» WHAT IS BEING ASKED:
As the answer, set down the lines below from the one containing "The keynote speaker" through the one containing "Trzyczęściowy 2 drożny", exactly and inclusively, and no others.

» RECORD SET:
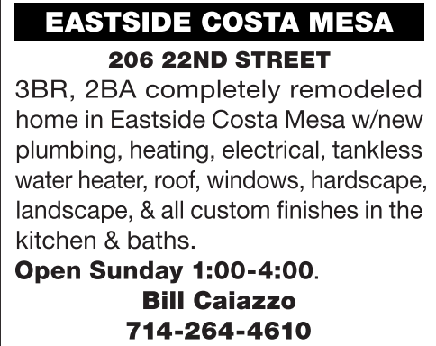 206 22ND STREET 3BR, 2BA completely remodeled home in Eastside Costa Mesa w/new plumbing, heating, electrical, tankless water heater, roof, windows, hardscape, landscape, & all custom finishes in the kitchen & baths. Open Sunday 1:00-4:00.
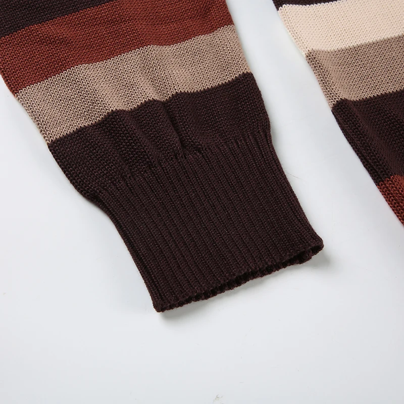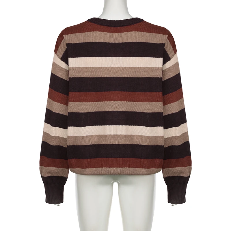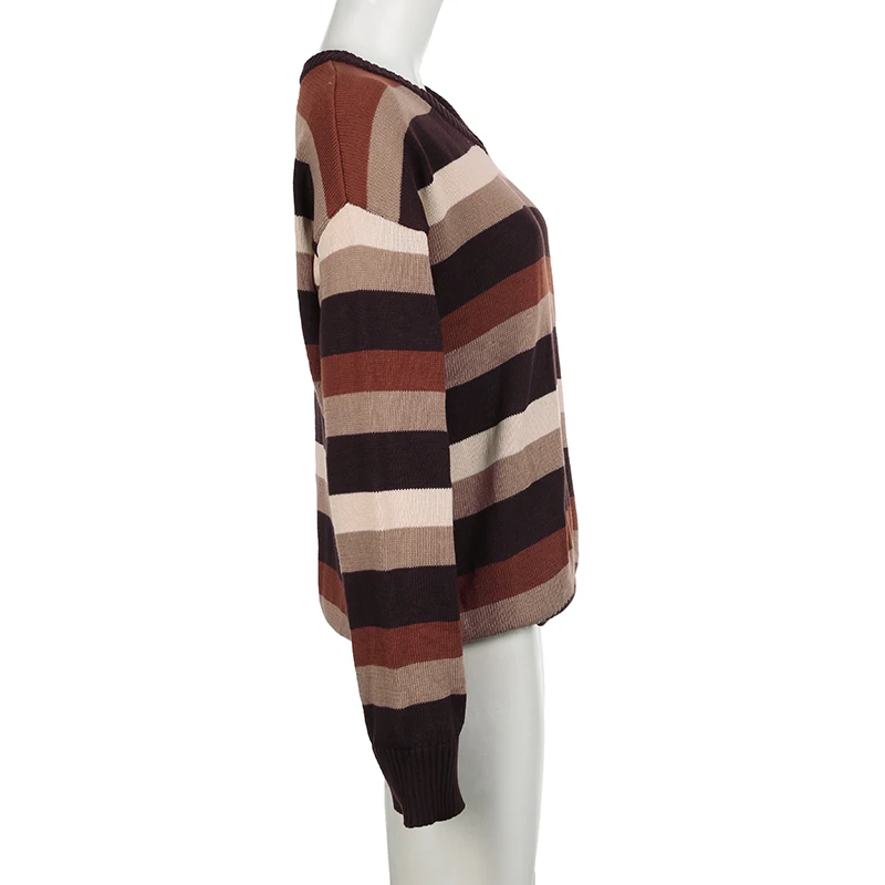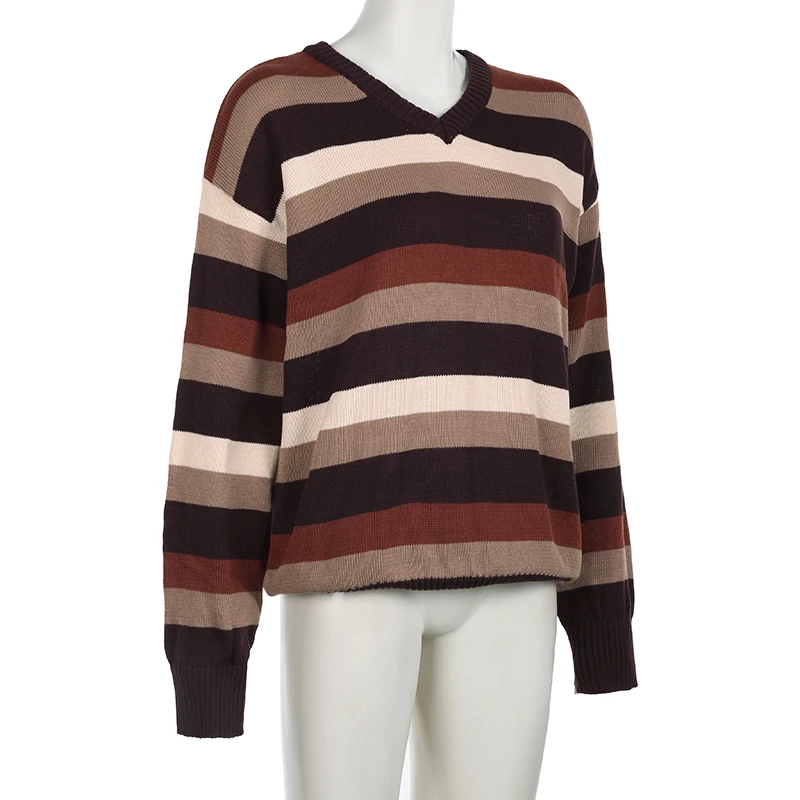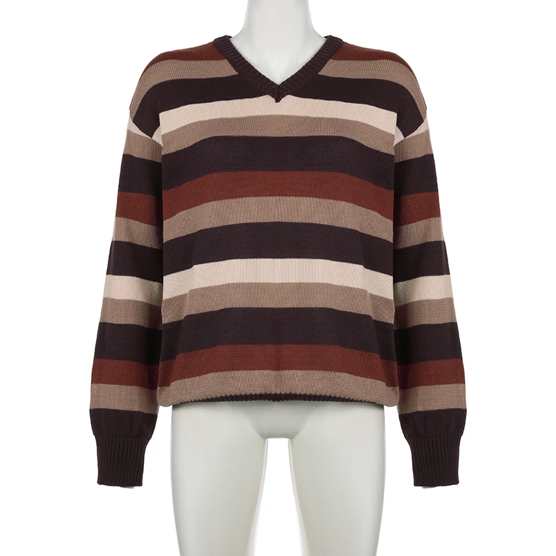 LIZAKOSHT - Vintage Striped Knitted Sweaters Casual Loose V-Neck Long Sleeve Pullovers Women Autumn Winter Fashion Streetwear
---
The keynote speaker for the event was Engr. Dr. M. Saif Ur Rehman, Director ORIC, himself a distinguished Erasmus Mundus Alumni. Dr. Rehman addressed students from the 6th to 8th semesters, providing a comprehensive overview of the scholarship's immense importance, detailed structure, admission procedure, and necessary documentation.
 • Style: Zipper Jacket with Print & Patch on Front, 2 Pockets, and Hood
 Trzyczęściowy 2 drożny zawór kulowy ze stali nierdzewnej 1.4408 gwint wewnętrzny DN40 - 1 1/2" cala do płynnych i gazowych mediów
...
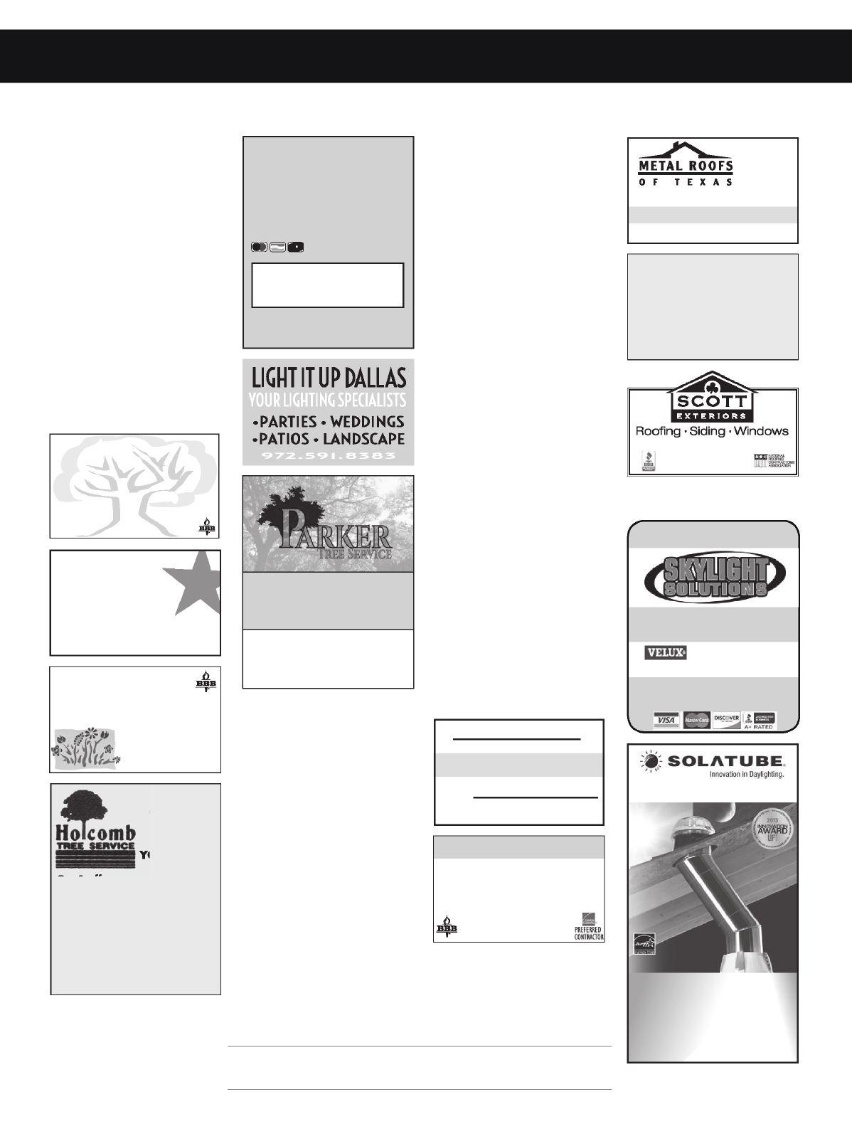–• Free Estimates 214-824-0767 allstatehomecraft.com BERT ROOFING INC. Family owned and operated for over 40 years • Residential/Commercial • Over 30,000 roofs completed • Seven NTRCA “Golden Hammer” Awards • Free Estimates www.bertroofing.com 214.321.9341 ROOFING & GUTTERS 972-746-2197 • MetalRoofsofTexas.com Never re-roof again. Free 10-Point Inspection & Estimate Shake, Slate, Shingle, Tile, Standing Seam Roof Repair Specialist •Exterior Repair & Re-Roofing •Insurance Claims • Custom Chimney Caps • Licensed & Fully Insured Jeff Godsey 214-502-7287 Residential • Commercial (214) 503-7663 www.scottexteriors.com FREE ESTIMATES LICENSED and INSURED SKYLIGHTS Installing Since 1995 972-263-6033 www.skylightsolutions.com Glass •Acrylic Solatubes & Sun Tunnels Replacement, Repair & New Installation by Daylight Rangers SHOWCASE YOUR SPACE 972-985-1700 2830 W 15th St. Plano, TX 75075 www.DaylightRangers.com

» ANSWER AREA:
The keynote speaker for the event was Engr. Dr. M. Saif Ur Rehman, Director ORIC, himself a distinguished Erasmus Mundus Alumni. Dr. Rehman addressed students from the 6th to 8th semesters, providing a comprehensive overview of the scholarship's immense importance, detailed structure, admission procedure, and necessary documentation.
 • Style: Zipper Jacket with Print & Patch on Front, 2 Pockets, and Hood
 Trzyczęściowy 2 drożny zawór kulowy ze stali nierdzewnej 1.4408 gwint wewnętrzny DN40 - 1 1/2" cala do płynnych i gazowych mediów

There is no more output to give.